Was the attack actually sophisticated? Usually, when megacorporations get pwned, the attack is not sophisticated at all, but they pretend it is (for PR reasons). This page doesn't tell us much about the nature of the attack, which is understandable. And as for what was compromised... almost everything of value?
Given that this is an insurance company, I imagine the attackers were either criminals (who wanted to steal this information for identity theft), or state-sponsored attackers (who would want this information for HUMINT reasons, such as verifying identities or determining good targets).
We won't get any technical details.
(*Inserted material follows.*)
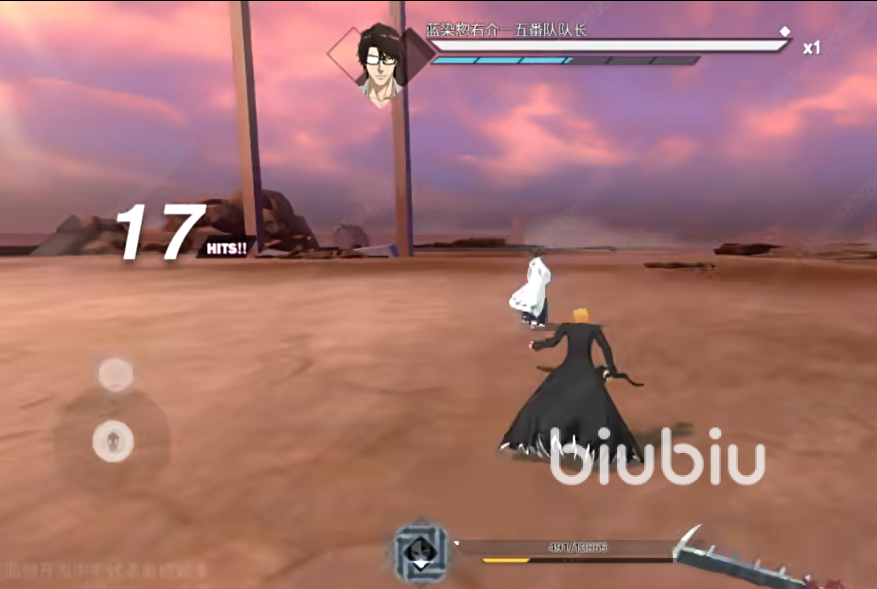 在攻击蓝染之前,蓝染会进入无限闪避状态,这个状态下玩家不论如何攻击都无法接触闪避状态,所以需要尽可能地使用快刀接近蓝染进行攻击,只要等闪避状态结束,这时候玩家攻击就能造成高频率的伤害,而且还有协站的队友一起攻击。

The fact that this was pulled off and the initial compromise was a year ago means they've got no alarm bells for someone dumping the DB.
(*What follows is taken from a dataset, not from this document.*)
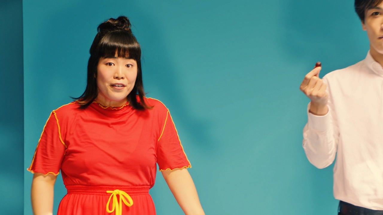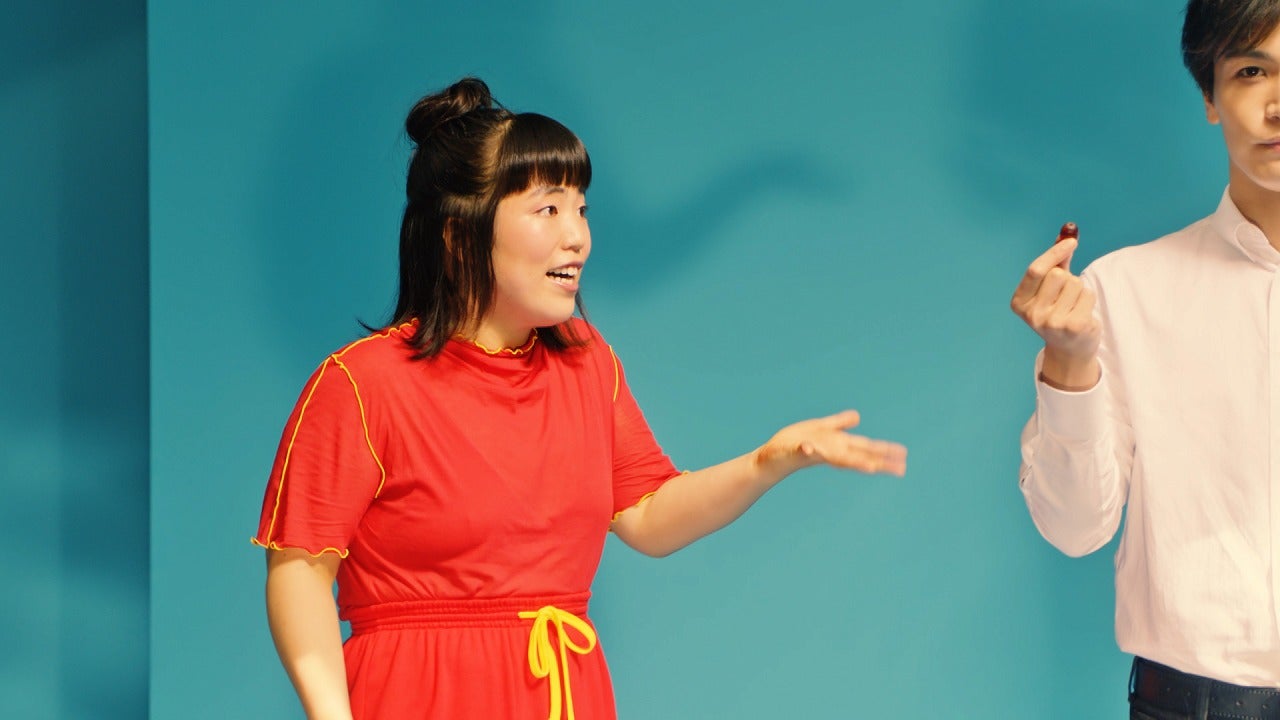 岩田とゆりやんがスタジオ入りし、監督から撮影の説明を受ける場面では、岩田は既に口元に笑みを浮かべ、“ゆりやんが横にいる”という状況だけで頬が緩んでしまう様子。いざカメラが回り始めると、ゆりやんの呟く言葉や一挙手一投足に笑ってしまう。

It's negligence at it's finest. Here's to hoping for class-action. 2 years free "identity theft protection" (which is useless to consumers until post-theft) and credit-report monitoring (which is free to them, and again only comes up post-theft) is pretty bullsh*t.
> And as for what was compromised... almost everything of value?
If the attacker has been in your "IT systems" for 9 months, you'd have to assume _everything_ has been compromised. All the data those systems stored, all passwords that've been used to log into those machines, everything.
Given that this is an insurance company, I imagine the attackers were either criminals (who wanted to steal this information for identity theft), or state-sponsored attackers (who would want this information for HUMINT reasons, such as verifying identities or determining good targets).